Repeat the listing word for word. No pictures belong in the copy.

-- Source data follows --

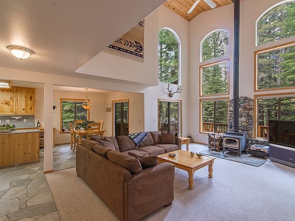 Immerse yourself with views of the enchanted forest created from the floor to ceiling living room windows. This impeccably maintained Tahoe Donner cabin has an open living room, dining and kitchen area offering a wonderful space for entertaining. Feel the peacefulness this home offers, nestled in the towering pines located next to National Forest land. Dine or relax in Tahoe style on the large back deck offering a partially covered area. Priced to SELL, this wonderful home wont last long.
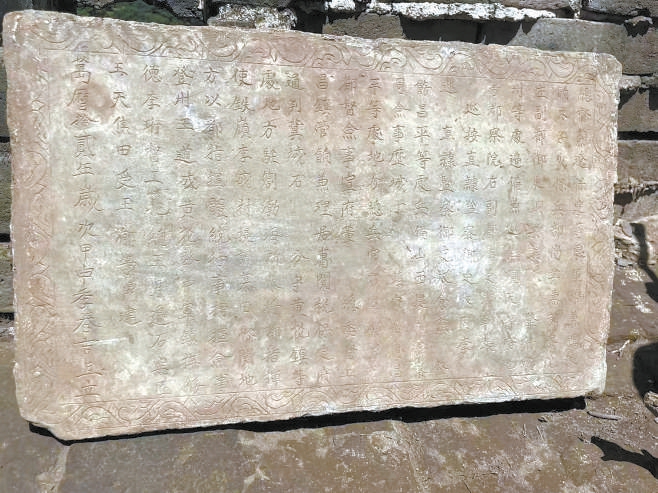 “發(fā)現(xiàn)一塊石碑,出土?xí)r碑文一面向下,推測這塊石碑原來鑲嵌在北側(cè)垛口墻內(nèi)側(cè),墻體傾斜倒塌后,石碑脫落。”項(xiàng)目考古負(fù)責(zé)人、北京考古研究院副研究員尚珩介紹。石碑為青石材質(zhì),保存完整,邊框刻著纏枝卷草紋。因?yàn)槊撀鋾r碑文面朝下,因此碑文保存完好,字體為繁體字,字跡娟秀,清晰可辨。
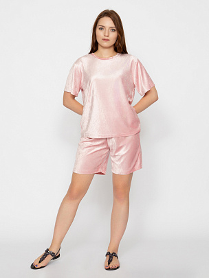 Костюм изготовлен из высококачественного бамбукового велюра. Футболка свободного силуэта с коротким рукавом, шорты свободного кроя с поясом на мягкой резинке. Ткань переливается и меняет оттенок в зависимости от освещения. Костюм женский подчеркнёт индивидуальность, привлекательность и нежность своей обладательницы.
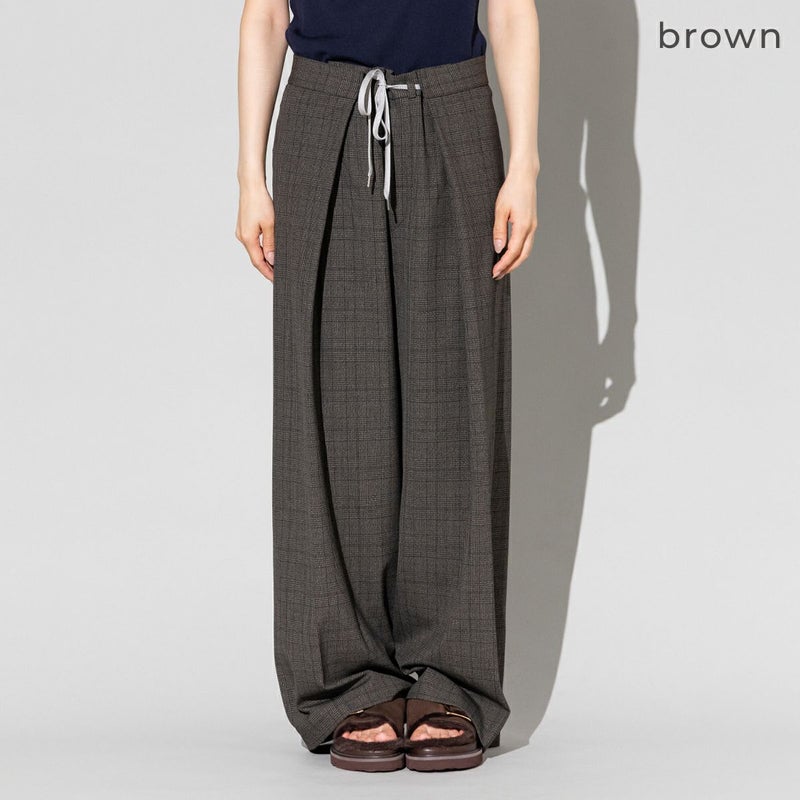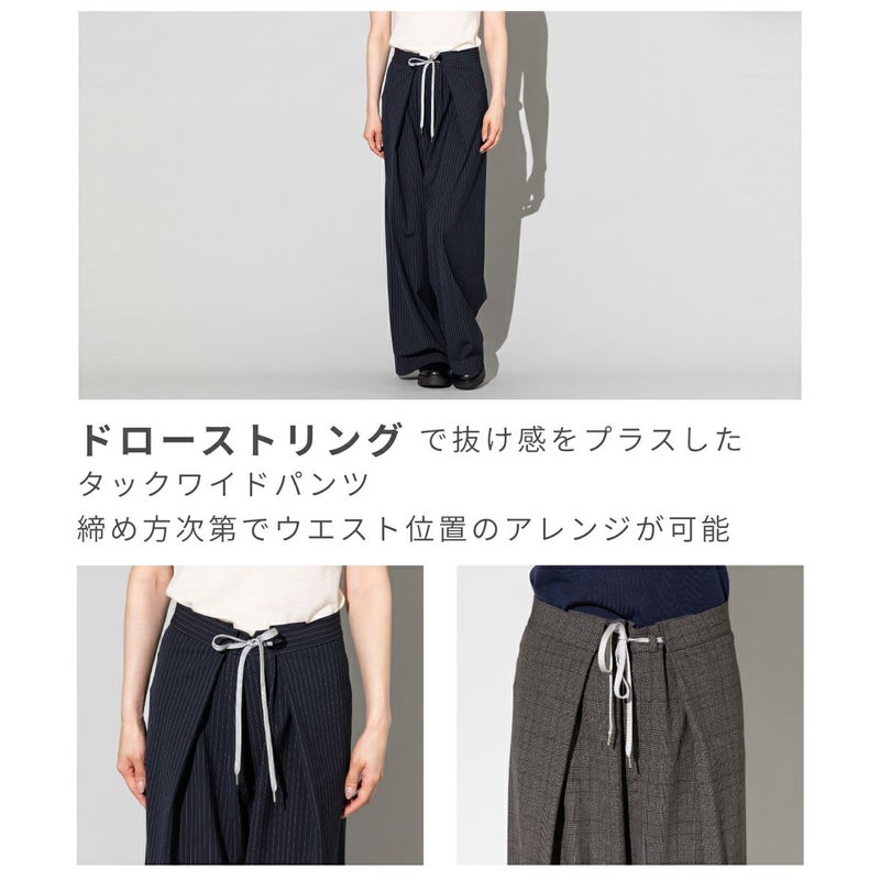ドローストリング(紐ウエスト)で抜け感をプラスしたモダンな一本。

-- Source data concluded --

Answer for the task =
 Immerse yourself with views of the enchanted forest created from the floor to ceiling living room windows. This impeccably maintained Tahoe Donner cabin has an open living room, dining and kitchen area offering a wonderful space for entertaining. Feel the peacefulness this home offers, nestled in the towering pines located next to National Forest land. Dine or relax in Tahoe style on the large back deck offering a partially covered area. Priced to SELL, this wonderful home wont last long.
 “發(fā)現(xiàn)一塊石碑,出土?xí)r碑文一面向下,推測這塊石碑原來鑲嵌在北側(cè)垛口墻內(nèi)側(cè),墻體傾斜倒塌后,石碑脫落。”項(xiàng)目考古負(fù)責(zé)人、北京考古研究院副研究員尚珩介紹。石碑為青石材質(zhì),保存完整,邊框刻著纏枝卷草紋。因?yàn)槊撀鋾r碑文面朝下,因此碑文保存完好,字體為繁體字,字跡娟秀,清晰可辨。
 Костюм изготовлен из высококачественного бамбукового велюра. Футболка свободного силуэта с коротким рукавом, шорты свободного кроя с поясом на мягкой резинке. Ткань переливается и меняет оттенок в зависимости от освещения. Костюм женский подчеркнёт индивидуальность, привлекательность и нежность своей обладательницы.
ドローストリング(紐ウエスト)で抜け感をプラスしたモダンな一本。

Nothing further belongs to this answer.